Project 8D: TAAR1 as a Potential Anti-Methamphetamine Medications Target (completed)

David K. Grandy, Ph.D., Principal Investigator

The long-range goal of the proposed research is to develop novel medications that will treat and reverse the harmful health consequences of methamphetamine addiction and relapse.

Methamphetamine is a potent psychostimulant. While low doses can have some therapeutic value, high doses are extremely addictive. Methamphetamine affects levels of dopamine, norepinephrine, and serotonin in the brain as a consequence of interfering with proteins responsible for their reuptake, intracellular storage, & inactivation. Over the years considerable resources have been devoted to developing medications that act upon these targets. Unfortunately, there is still no efficacious pharmacological medication that treats methamphetamine addiction or relapse. 

Recently, we reported methamphetamine is a potent and efficacious agonist in vitro of an orphan G protein-coupled receptor (GPCR) that we discovered and is now referred to as trace amine-associated receptor 1 (TAAR1). Herein we propose two preclinical, integrated, and interdisciplinary aims to test the hypothesis that TAAR1-selective drugs can ameliorate some of methamphetamine's behavioral and physiological effects.

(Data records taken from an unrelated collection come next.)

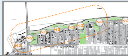
SSIA.1 WEST END

SSIA.1 West End – the western Gateway to both Riverside Drive and downtown that includes the Canada / US Ambassador Bridge with an established open space network and formal parks with views and access to the Detroit River
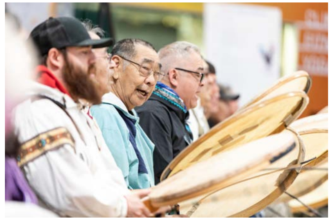
NYO celebrates Alaska Native culture through traditional games and other cultural activities.

Today, the Games ensure that Alaskan youth of all backgrounds learn essential skills for traditional Alaskan subsistence activities that still occur today. Both JNYO and SNYO bring together athletes to compete against their peers, but most importantly, to compete against who they were yesterday.
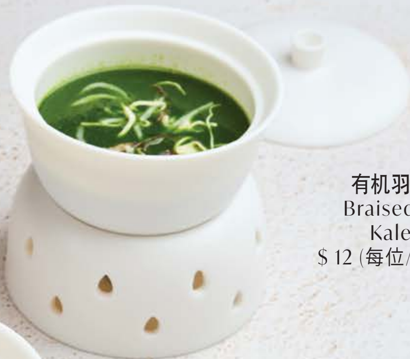
有机羽衣甘蓝羹 Braised Organic Kale Broth $ 12 (每位/per person)

The objective of Aim 1 is to design, synthesize, and evaluate in vitro novel TAAR1 agonists, antagonists, and partial agonists of our own design and synthesis.  Four assays of increasing biological complexity will be used: (1) solution-binding to membranes containing recombinant TAAR1; (2) accumulation of cAMP in HEK-293 cells expressing recombinant TAAR1; (3) insulin release from rodent insulinoma cell lines endogenously expressing TAAR1; (4) effect on the tone of rodent brain arterioles. 

The objective of Aim 2 is to generate founder mice lacking the mTAAR1 gene. Their descendents would be used in studies designed to evaluate the biological activity, specificity, and anti-methamphetamine properties of candidate TAAR1 antagonists & agonists.

We are uniquely positioned to carry out the proposed research for several reasons. We have extensive experience working with TAAR1 and have been cloning, mutating, expressing, and characterizing biogenic amine GPCRs in vitro and in vivo for almost 20 years, including the generation of transgenic mice. We discovered the TAAR1, published a comprehensive in vitro structure-activity profile of it, and in the process were the first to demonstrate isomers of methamphetamine are potent and full TAAR1 agonist in vitro.

Our efforts will directly benefit from a close collaboration with a synthetic organic chemist who recently joined our department and whose laboratory is located across the hall from the principal investigator. It is anticipated that with the successful completion of the proposed aims, novel TAAR1-selective compounds will eventually be developed that may serve as lead compounds in the development of medications that ameliorate methamphetamine’s detrimental health effects and even treat dependence and relapse.